◆ **Information supplied**
= Beginning of Section =

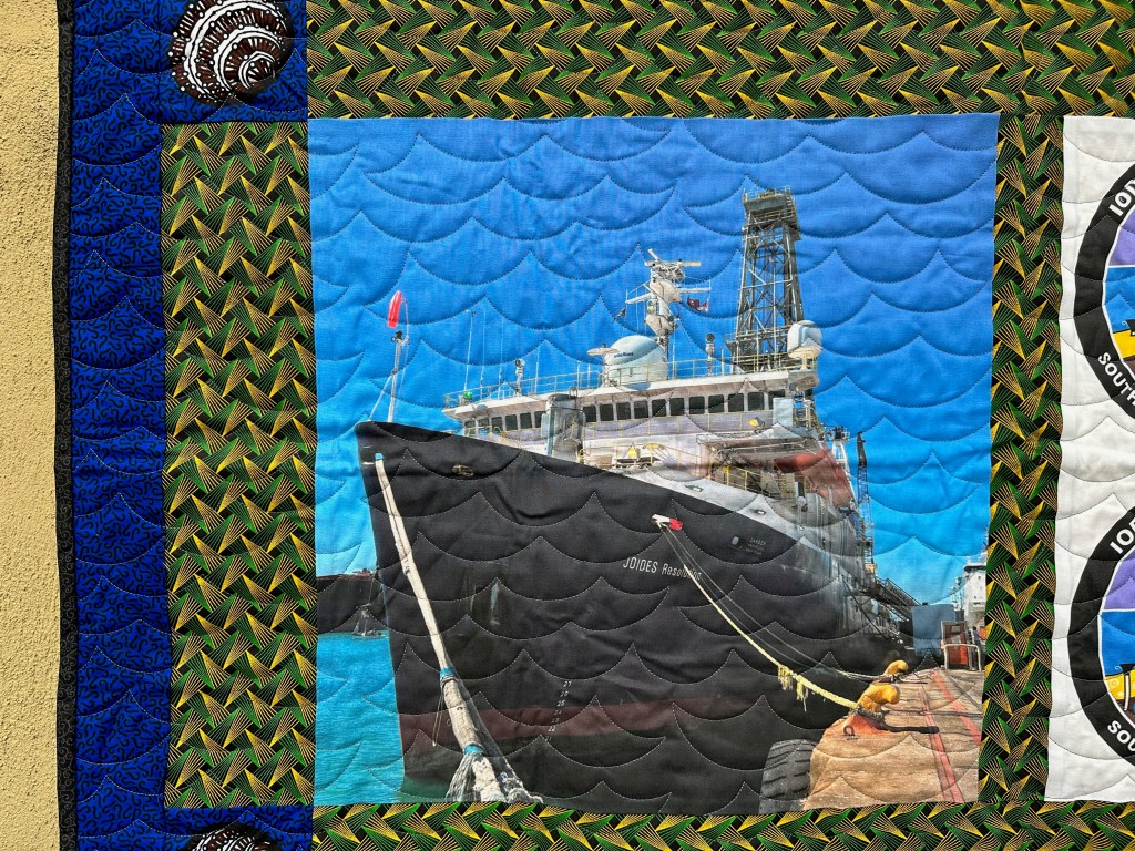 These objectives appear in the expedition patches displayed on the right side of the quilt. The left side of the quilt is JOIDES Resolution pictured in Cape Town, South Africa, right before departure for Expedition 390 in April 2022. The four objects in the corner of the quilt represent the drill cones found on the drill bit used for coring deep-sea material.
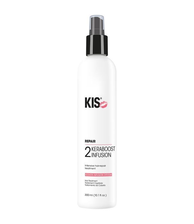 Kis Keraboost Infusion 300ml is een zeer geconcentreerde kuur booster. Dit is stap 2 in het Keratin Infusion Treatment. Kis KeraBoost bevat een mix van keratine aminozuren met een moleculair gewicht van 150, gecombineerd met kationische enzymen. Deze bouwen het haar van binnenuit weer op en geven het zijn oorspronkelijke kracht terug. Hierdoor blijven eventuele kleuringen en andere chemische behandelingen langer mooi. Kis KeraBoost Infusion Spray is geschikt voor wekelijks gebruik en heeft een pH-waarde van 5.0 - 5.5.
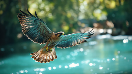 A close up cinematic view of falcon flying low above vibrant teal lake with crystal clear water reflecting soft sunlight and bright green forest
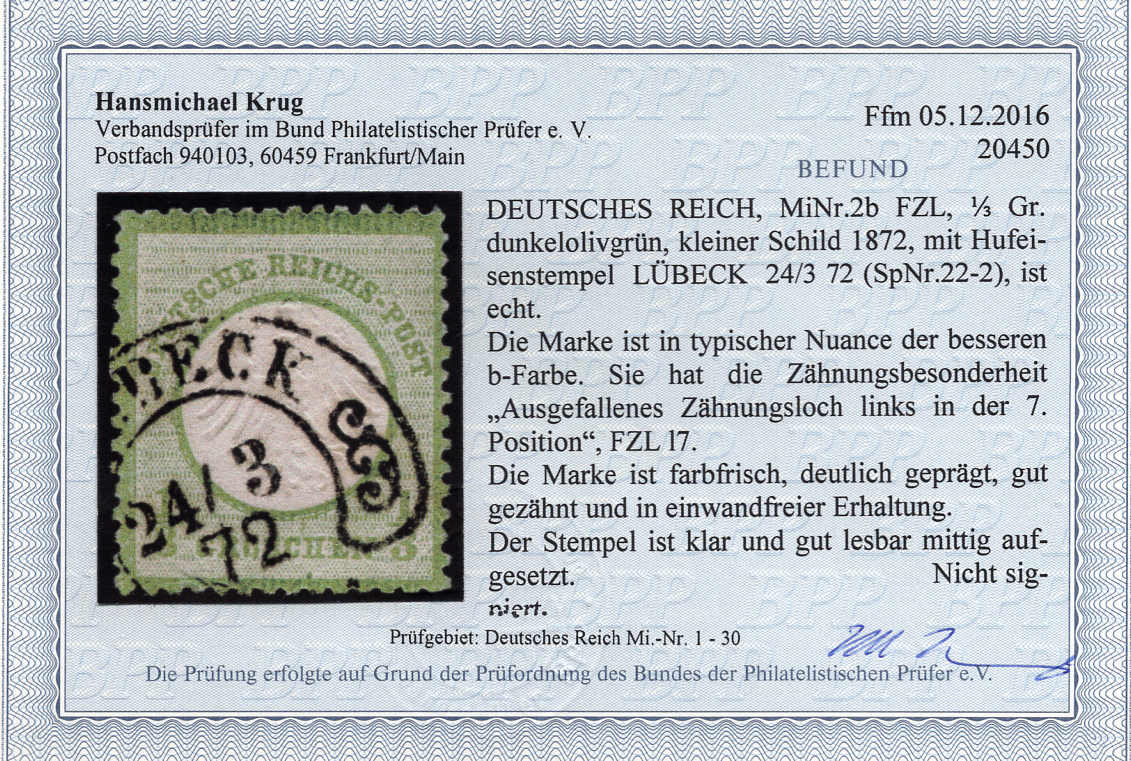 | Prüfgebiet: | Deutsches Reich 1871 - 1918 (Mi-Nr. 1 - 106) |

= End of Section =

◆ **What you should do**
At the line containing "A close up cinematic", start reproducing exactly, and stop after the last line of the listing; include both ends, and leave the pictures out.

◆ **Written response**
 A close up cinematic view of falcon flying low above vibrant teal lake with crystal clear water reflecting soft sunlight and bright green forest
 | Prüfgebiet: | Deutsches Reich 1871 - 1918 (Mi-Nr. 1 - 106) |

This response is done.